One former senior DWP staffer, who had implemented huge changes in how the department dealt with people, told me the only way to get politicians and policymakers to actually listen on welfare was to talk about it in exactly the same terms as the health service. 

“There’s a fear in humans: it could happen to you, but if you pretend it can’t and look away, or blame the person for what they’re facing, then you don’t have to face it and you don’t have to worry about it happening to you,” they explained. 

“I found that the most powerful thing I could do in a room of politicians was to talk about the welfare state as if it was the NHS – how we all needed, how we all valued it – to get the same buy-in.” 

That person no longer works in the welfare system but, remarkably, left the role positive about its future. They say there has been “real change” in the service offered to benefit claimants in the last decade. 

Others are less optimistic. Helen Barnard, director of policy, research and impact at the foodbank charity The Trussell Trust, believes the fact that disability and incapacity benefits now make up a growing proportion of welfare spending explains hardening attitudes. “We have a very nasty underbelly of attitudes towards disability,” she says. “We, as a society, seem to feel the need to police person-by-person whether someone is really as disabled as they seem, and that is now feeding into social security benefits.”

Attitudes like these create other problems for the future and block innovation in the welfare system. There are, for example, trials underway at Kings College London over non-means tested direct payment and basic income schemes for care leavers and those emerging from homelessness. 

The trials showed that young people leaving care who were given a £2,000 lump sum with no strings attached were more likely to be in stable housing, and less likely to be “sofa surfing” than their peers. They also reported higher wellbeing and were less likely to be involved in the criminal justice system.

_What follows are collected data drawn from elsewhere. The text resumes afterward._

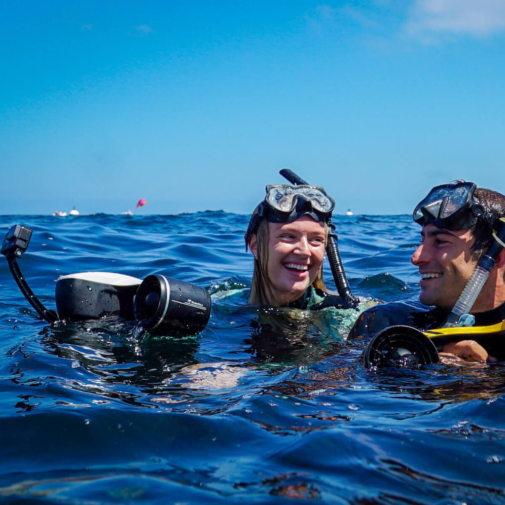 Seaflyer è il DPV di Robosea dotato di doppio propulsore e schermo OLED. Con una batteria Li-Ion da 14.8V / 10Ah che fornisce fino a 40 minuti di utilizzo ed i due motori elettrici che erogano una sorprendente velocità di punta fino ad 7Km/h con cambio a due rapporti, il divertimento è portato al livello superiore. Disponibile in tre diverse colorazioni, SeaFlyer è il veicolo ideale per chi desidera divertirsi in acqua ed assicurarsi un prodotto prestazionale e versatile, trasportabile anche in aereo.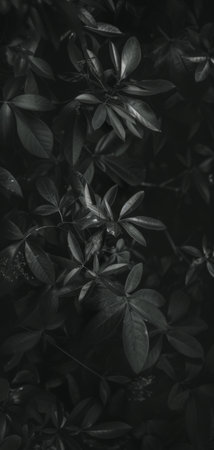 Marvel at the beauty of dark green leaves adorned with dewdrops, capturing intricate textures and the serene essence of nature in a tranquil setting.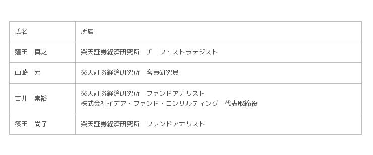 また、本ファンドスコアの導入にあたり、有識者による諮問委員会を設置します。楽天証券社外からのモニタリングを通じ、本ファンドスコアの評価プロセスと運用に対する透明性や客観性の確保と、個人投資家向け情報提供の向上を図ってまいります。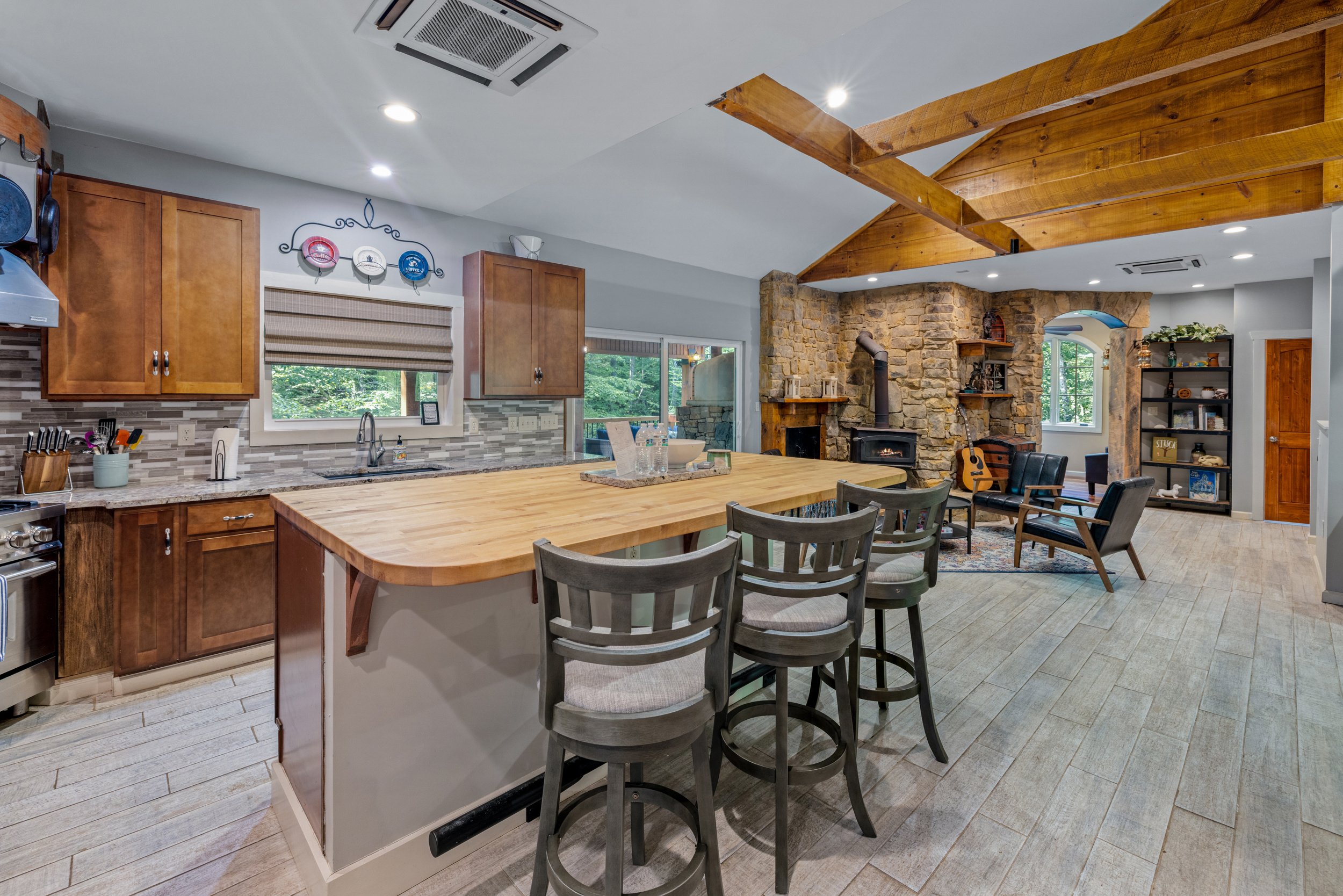 Full kitchen and living area on main level.Fully stocked kitchen and propane grill outside.

But it’s much harder to try experimental ways of handling benefits when anything on the subject is met with such overwhelming scepticism. 

Barnard and others in her sector want a political effort to “shift those really deep-seated opinions” and to get people to trust in investing in the social security system. She wants a “seismic change in public opinion”. It has been done before – with attitudes to drink driving and, more recently, to mental health.

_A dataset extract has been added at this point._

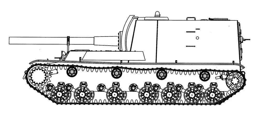 Тем не менее, при всех своих недостатках (невысокая мобильность, трудоёмкость в изготовлении, низкая живучесть ствола) Бр-2 обладала высокой мощностью. В номенклатуру боеприпасов Бр-2 входили два типа боеприпасов: осколочно-фугасные 53-ОФ-551 массой 48,9 кг и бетонобойные 53-Г-551 массой 49 кг. Начальная скорость снаряда 53-ОФ-551 составляла 880 м\с, максимальная дальность выстрела – 25 км (для орудий с мелкой нарезкой этот показатель составлял 27 км). В случае попадания любого из этих снарядов в танк или бронемашину итогом являлось полное их разрушение. Конструктивно орудие Бр-2 состояло из ствола (длиной 47,2 калибра), затвора поршневого типа, лафета, гидравлического тормоза отката и гидропневматического накатника. Заряжание орудия – картузное, но для облегчения подачи снарядов с грунта имелся специальный кран с лебёдкой. Для того, чтобы разместить на базе КВ эту артиллерийскую систему пришлось значительно доработать ходовую часть. Число опорных катков увеличили с 6 до 7, причем в задней части расстояние между ними было сокращено, а в средней (менее нагруженной) – увеличено. Поддерживающих катков осталось 4, однако в виду изменения компоновки ведущее колесо перенесли вперёд. Направляющее колесо с винтовым механизмом натяжения гусениц теперь располагалось сзади. Подвеска самоходного орудия осталась независимой торсионной. Гусеница самоходки была мелкозвенчатой с шириной траков 660 мм. Изменения в конструкцию шасси были внесены по причине полного перепроектирования компоновки. Боевое отделение располагалось сзади и, частично, в средней части корпуса. Отделение управления, в котором находились места механика-водителя и стрелка-радиста, находилось между трансмиссионным и моторным отделением. Корпус был сварным и собирался из катаных броневых листов толщиной 20, 30, 50 и 60 мм.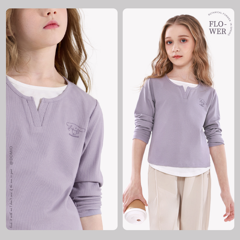 儿童长袖 2025新款 T恤女孩大童假两件上衣秋 春装 玉桂狗女童打底衫

I too believe there is hope for a reset of the relationship between the people and the welfare state, but it’s going to have to start with a rebranding exercise. Benefits have become a signifier or totem. When we talk about welfare we’re no longer describing people’s lives, or needs, but a bunch of loaded political ideas. Starting over, a new department with a new focus, a new ministerial leadership and a new, experimental approach to welfare policy is the only way to meet reality head on. 

The National Solace Service. How about that?